We can all agree that today we live in a world which is hyper-connected, right? Social influence is higher than ever and I’m not speaking about influencers, I’m speaking about people like you and me. If a guest leaves a positive review that encourages additional guests to come and visit your hotel, they will come. But it’s not only the reviews, right? There are other aspects that people consider as well. Something I noticed in the hospitality industry is that there is no brand building – it’s just business building.

 

Now that you have your CLV you can make better decisions to help your hotel navigate and understand where to invest your money. Engaging customers is easier for a business than constantly trying to get new guests. Even when guests come from OTA there is an opportunity there, but we will not discuss it here.
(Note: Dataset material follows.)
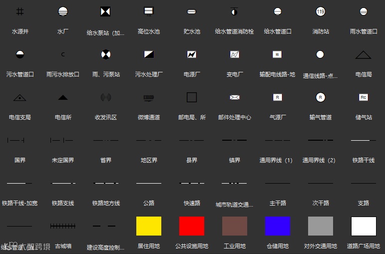 包含城市基础设施与功能区位符号,支持城市总体规划与专项规划制图。

If you want you can sign up for our monthly newsletter where we share insights, ideas, and case studies on how to improve your hotel’s performance, you can sign up here: www.iqd.media/updates/

 

In marketing, we all know and have the data which shows us that it’s 10 times more expensive to acquire a new guest. An awareness of your guests CLV will help you decide what strategy you should follow, how you should acquire your guest, and understand how important the customer is. Do you think OTA’s didn’t do their research and know how much their users are worth? Of course, they did. Given all the billions of pounds that are dedicated to acquiring new customers in the travel industry, any hotel that wants to be sustainable and be around in the next five to ten years needs to maximize customer lifetime value and retain their guests.